Repeat the span of the entries below that starts at the line with "2- ou utiliser" and ends at the line with "6-7 Little Whimbrel", nothing more. Skip the pictures.
*** Block opens ***
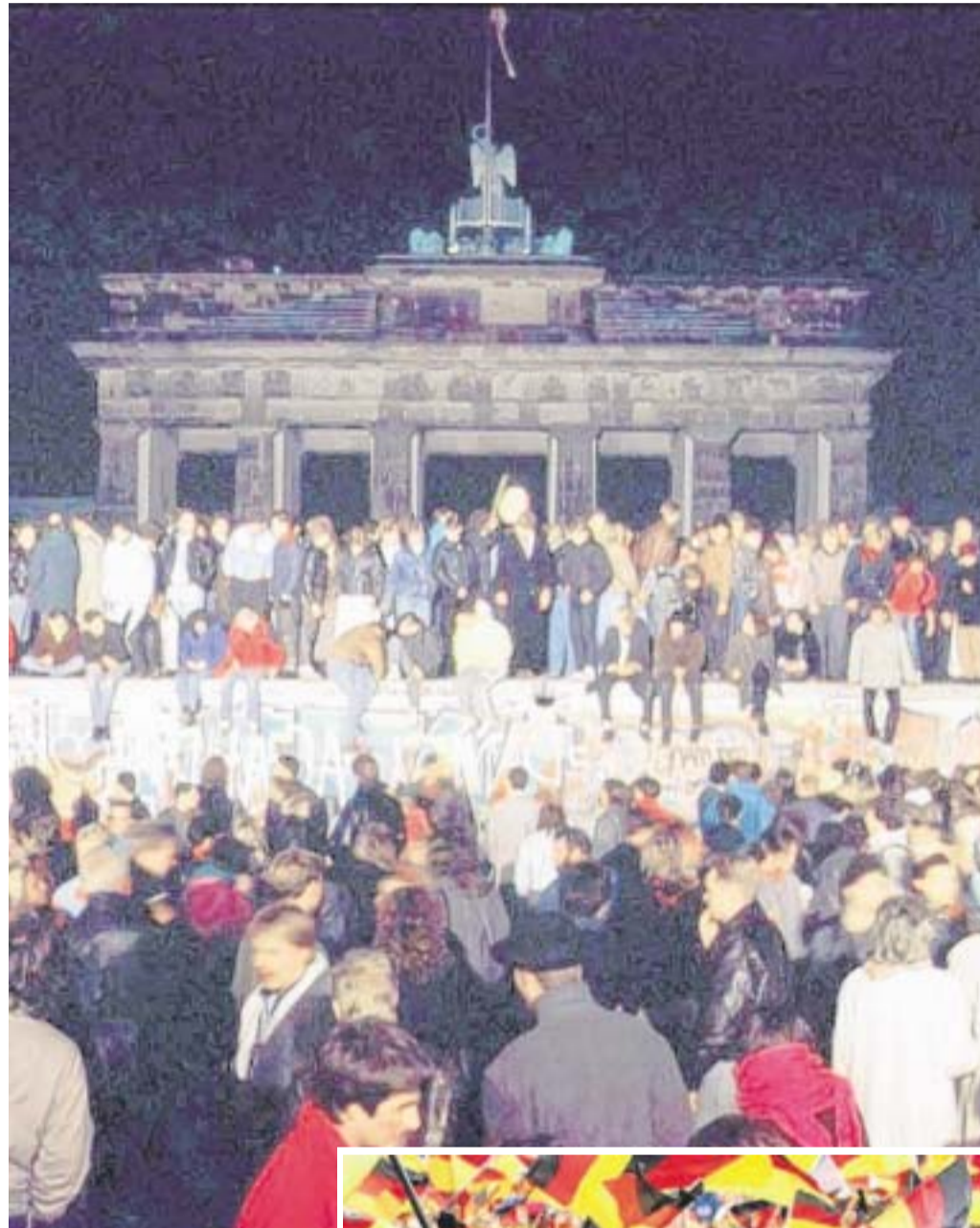
Einmal durch die Jahrzehnte: Von Ludwig Erhard (unten) über den Fall der Mauer 1989 bis zur märchenhaften Fußball-WM 2006 im eigenen Land.
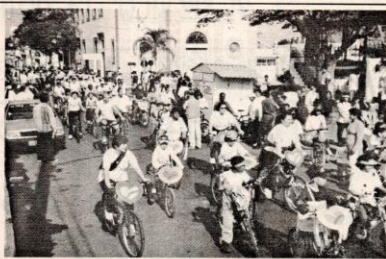
Com bicicletas enfeitadas, estudantes participam de passeio ciclístico pela cidade
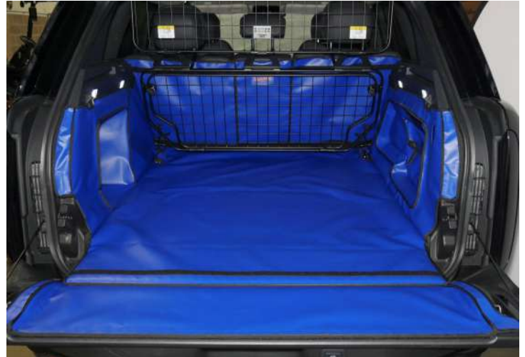
Bild zeigt Kofferraumschutz mit geteiltem Rücksitz, vorbereitet für Stoßtangenschutz, Rücksitzschoner und Verlängerung der Kofferraumauskleidung
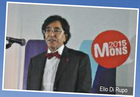
Elio Di Rupo
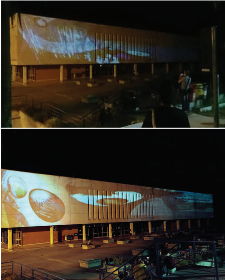
Figura 6 - Apresentação de “Monumentos Virtuais” no “Campus Open Mapping V.1”. Na Biblioteca Central da UFSM. No dia 13 de dezembro de 2019.

O trabalho ainda foi convidado para participar no evento no “Campus Open Mapping V.1” (organizado por Wagner Bento, com apoio do LabInter – Laboratório Interdisciplinar Interativo, do GAD – Grupo de Arte e Design, ambos do PPGART - Programa de Pós Graduação em Artes Visuais da UFSM). A exibição ocorreu na Biblioteca Central da UFSM, no dia 13 de dezembro de 2019.
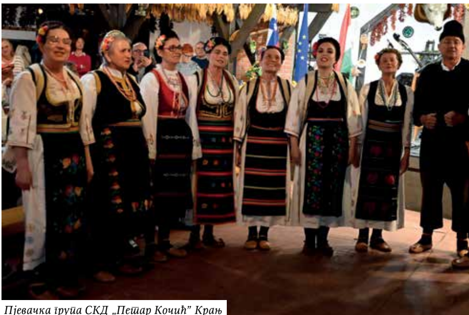
Пјевачка група СКД „Петар Кочић” Крањ

Након тога прешли смо на другу страну Дунава, у Пешту, прошли улицама са старом и занимљивом архитектуром. Посјетили смо још једну велику знаменитост Будимпеште, а то је Трг хероја. Трг хероја (мађ. H sök tere) је један од главних тргова у Будимпешти,
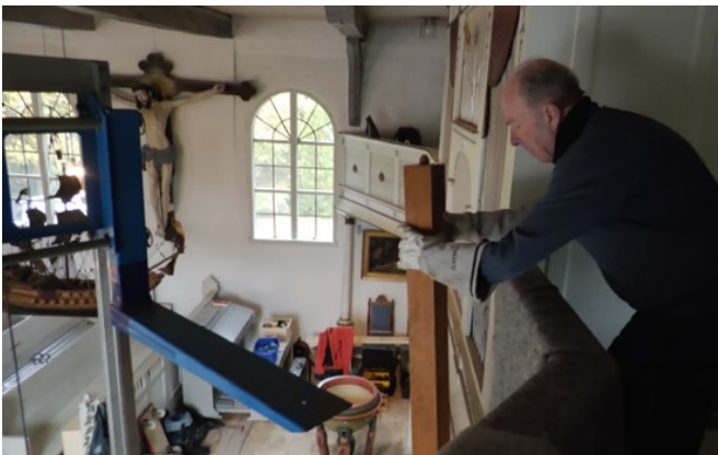
Foto: Ausbau der in 1937 von Furtwängler und Hammer erbauten „alten“ Orgel

Aktueller Sachstand: Ausbau der alten Orgel am 14.10.2024, neue (gebraucht gekaufte) Orgel wird derzeit in der Werkstatt des Orgelbauers in Bordesholm vorbereitet, Einbau im Februar 2025. Im November erfolgt der Einbau der Veranstaltungstechnik.
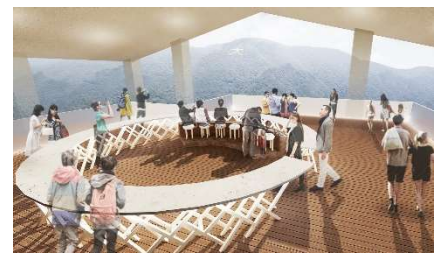
c u - m o 箱根内観イメージ
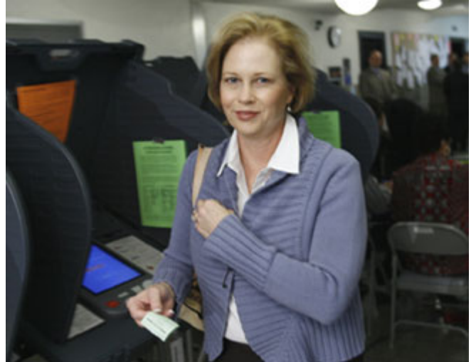
得克萨斯州第一夫人佩里(Anita Perry)2006年11月早上在奥斯汀特拉维斯县参加投票。

[ http://www.verifiedvoting.com/ ]。在实行依得票次序决定胜负的选举制度的爱尔兰，人力点票工作可能需要长达一个星期，然而，试图引入电子投票加快速度的尝试却以失败告终。
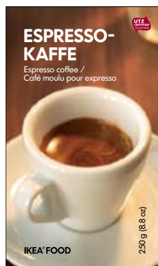
ESPRESSOKAFFE эспрессо 250г
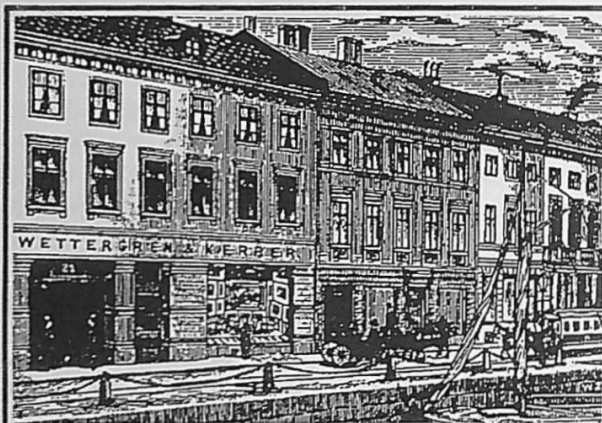
1882 startade vi på Södra Hamngatan i Göteborg.
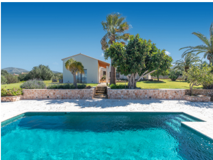
Großzügiger Salzwasserpool mit Sonnenterrasse
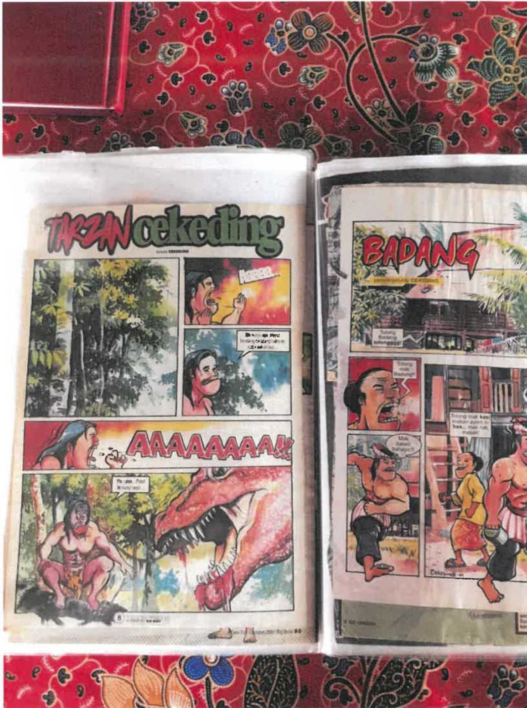
Gambar 6: Antara lukisan-lukisan komik yang dihasilkan oleh Encik Zainudin atau Cekeding.
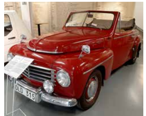
Volvo PV -53.
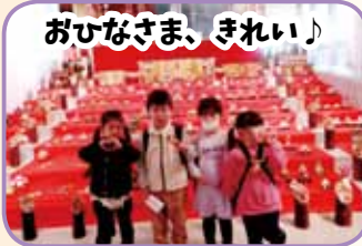
おひなさま、きれい!
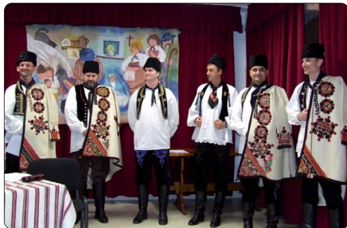
Pjevački zbor «Ižipci»
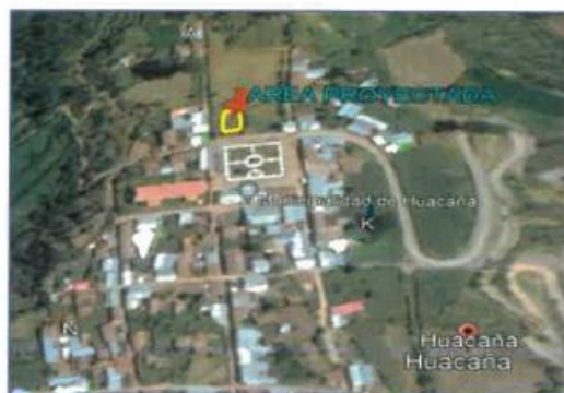
Imagen satelital de la comunidad de Huacana

GOBIERNO REGIONAL DE AYACUCHO Obra: Mejoramiento de la Capacidad Resolutiva del P.S. Huacana - Sucre - Ayacucho Ing. Wilmer Marcaya Aguilar CIP N° 295738 Presidente de Obra
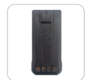
Batería de Li-Ion 1500 mAh
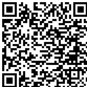
QR Code et lien pour My Maps GA

2- ou utiliser le lien ci-dessous (faites un copier/coller sur votre navigateur Internet)
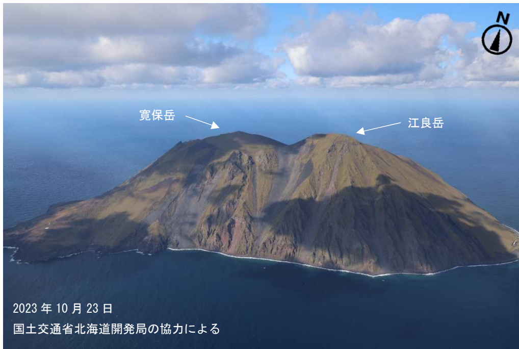
図2 渡島大島 島全体の状況 南側上空（図1の①）から撮影
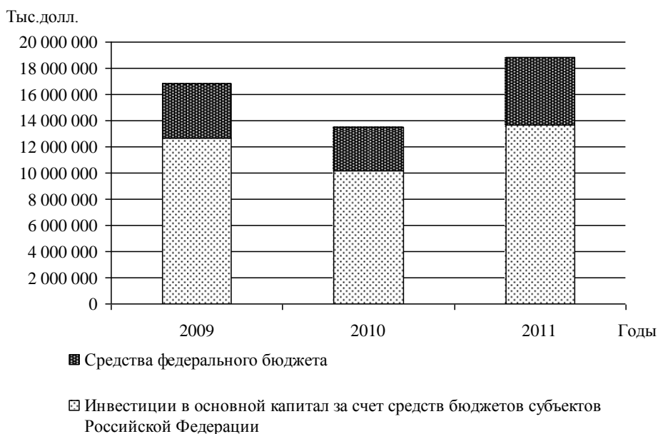
Рис. 3. Структура инвестиций, поступающих в экономику Республики Башкортостан из федерального бюджета и бюджетов субъектов Российской Федерации в 2009 – 2011 гг., тыс.долл.

Инвестиции в экономику региона поступают не только из зарубежных стран, но и из федерального бюджета и из бюджетов субъектов Российской Федерации, причем величина инвестиций, поступающих из других регионов России, в значительной степени превышает величину инвестиций из федерального бюджета (рисунок 3).
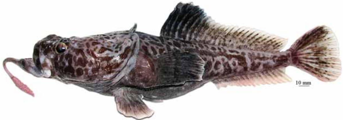
Рис. 13. P. sp. F , самец, 324 мм TL, 257 мм SL, море Росса Fig. 13. P. sp. F , male, 324 mm TL, 257 mm SL, Ross Sea
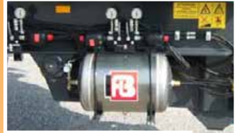
Serbatoio aria in alluminio Aluminium air tank
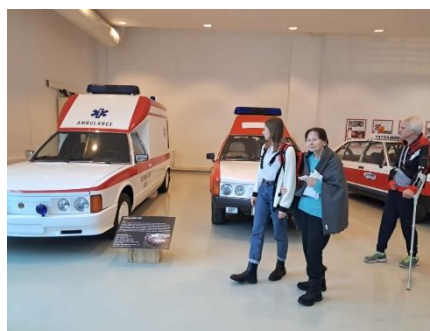
Výlet do muzea Tatra v Kopřivnici 6
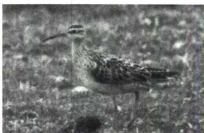
6-7 Little Whimbrel Numenius minutus , Yamdena, Tanimbar Islands, Indonesia, September 1985 (Frank G Rozendaal) 8 Little Whimbrel Numenius minutus , Norfolk, Great Britain, August 1985 (David M Cottridge)

30 Plumage pattern and size and shape of the bill of the bird depicted in mystery photograph 30 only fit the two small curlews, Little Whimbrel Numenius minutus and Eskimo Curlew N borealis , and Upland Sandpiper Bartramia longicauda . The bill seems conclusive for Upland Sandpiper, being straight and rather short. However, the pale pinkish-brown base of the bill fits one of the curlews better than Upland Sandpiper, which has bright yellow or yellowish-brown sides to the bill. Moreover, Upland Sandpiper has the upperparts less coarsely marked than the mystery bird and lacks the pronounced dark eye-stripe, having a prominent large dark eye on a pale yellow-buff face instead. Eskimo Curlew also shows a less pronounced supercilium and eye-stripe than the mystery bird. The markings of the head, neck and upperparts, in combination with the bill colour, only fit Little Whimbrel. The fact that the bill appears to be too short and straight for this species is explained by the tip hav-
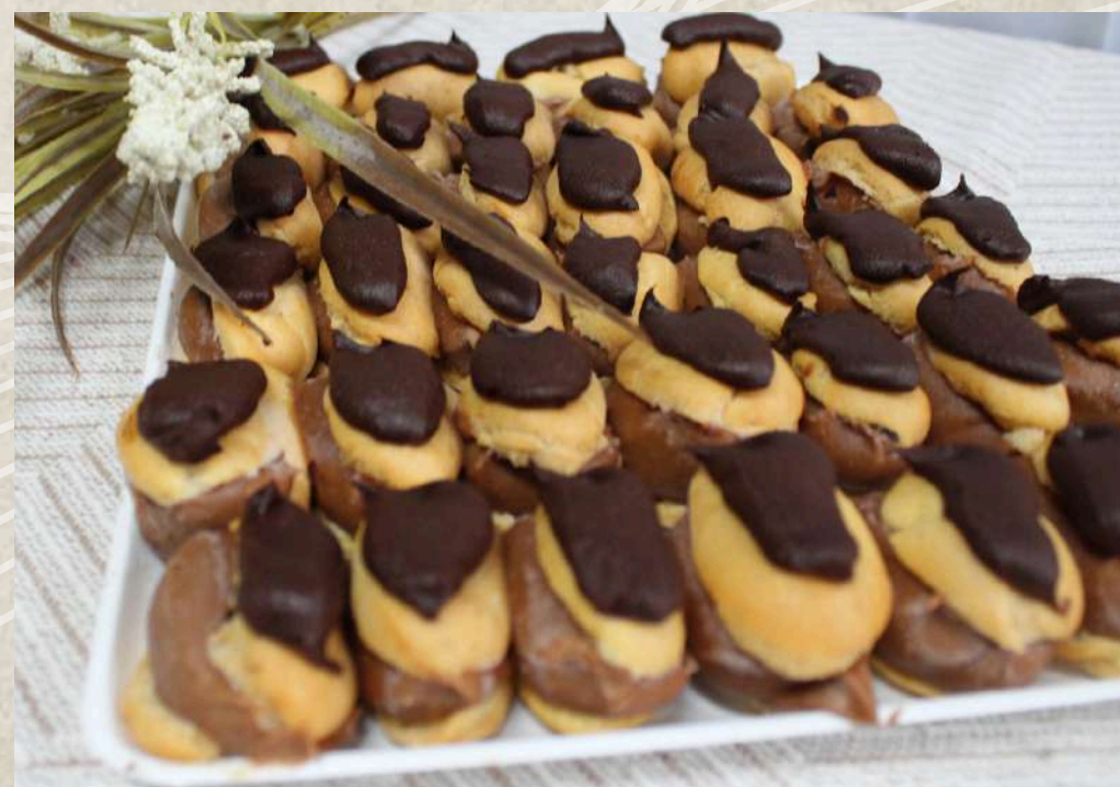
PETISÚ CHOCOLATE (BANDEJA)
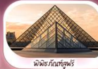
พิพิธภัณฑ์ลูฟร์
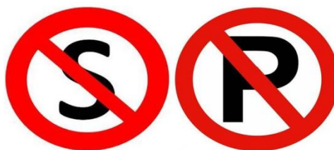
Gambar 2: Rambu Dilarang Berhenti dan Parkir

Kemudian, arti dari rambu dilarang Berhenti adalah setiap pengendara Kendaraan Bermotor tidak boleh menghentikan kendaraannya di lokasi yang terpasang rambu, dan larangan ini berlaku tanpa pengecualian meskipun hanya Berhenti dalam hitungan detik atau dalam situasi darurat. Sementara itu untuk rambu dilarang Berhenti berbentuk lingkaran dengan warna dasar putih dan dibagian tepinya menggunakan warna merah, dan juga rambu ini menggunakan huruf S dicoret. Huruf S ini, menggunakan warna merah. Rambu berwarna merah ini menandakan suatu larangan tertentu, misalnya dilarang huruf S dicoret. Rambu ini menandakan bahwa tidak boleh Berhenti dengan alasan apapun. Adapun, arti dari rambu dilarang Parkir adalah setiap pengendara tidak boleh memarkir kendaraan tersebut dalam keadaan mesin mati dan meninggalkan kendaraan di lokasi tempat terpasangnya rambu.
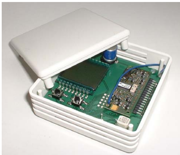
Abbildung 1: Ansicht des Gateways

Das Gerät APG01-EIB dient als Gateway zwischen Ratio-Funksensoren auf EnOcean-Technologie und dem EIB/KNX-Bus. Es verfügt über 32 Kanäle, die mit jeweils einer der folgenden Funktionen belegt werden können:
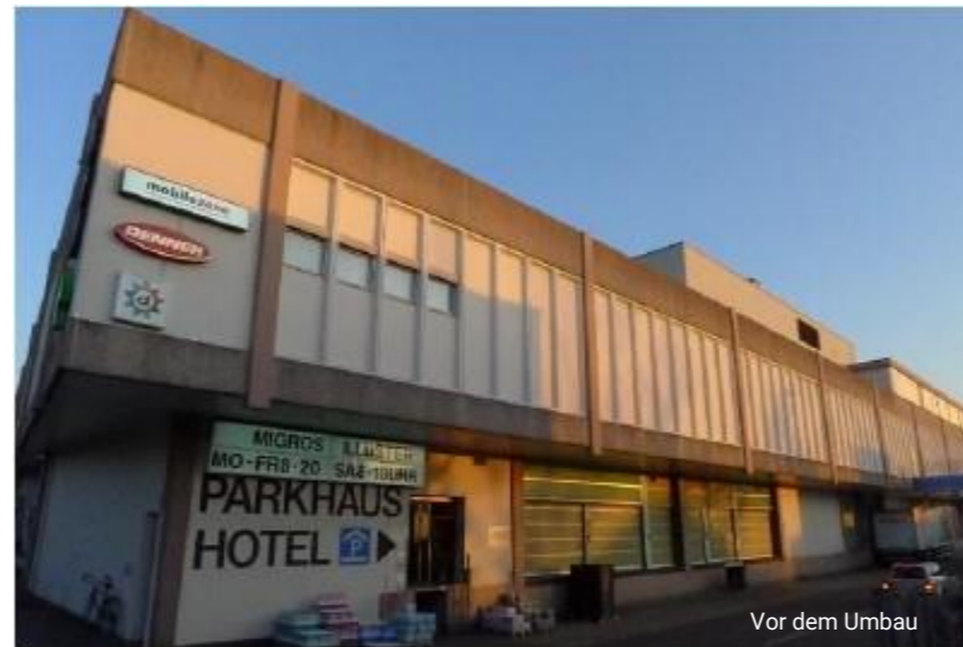
Vor dem Umbau
*** Block closes ***
SOLUTION:
2- ou utiliser le lien ci-dessous (faites un copier/coller sur votre navigateur Internet)
図2 渡島大島 島全体の状況 南側上空（図1の①）から撮影
Рис. 3. Структура инвестиций, поступающих в экономику Республики Башкортостан из федерального бюджета и бюджетов субъектов Российской Федерации в 2009 – 2011 гг., тыс.долл.

Инвестиции в экономику региона поступают не только из зарубежных стран, но и из федерального бюджета и из бюджетов субъектов Российской Федерации, причем величина инвестиций, поступающих из других регионов России, в значительной степени превышает величину инвестиций из федерального бюджета (рисунок 3).
Рис. 13. P. sp. F , самец, 324 мм TL, 257 мм SL, море Росса Fig. 13. P. sp. F , male, 324 mm TL, 257 mm SL, Ross Sea
Serbatoio aria in alluminio Aluminium air tank
Výlet do muzea Tatra v Kopřivnici 6
6-7 Little Whimbrel Numenius minutus , Yamdena, Tanimbar Islands, Indonesia, September 1985 (Frank G Rozendaal) 8 Little Whimbrel Numenius minutus , Norfolk, Great Britain, August 1985 (David M Cottridge)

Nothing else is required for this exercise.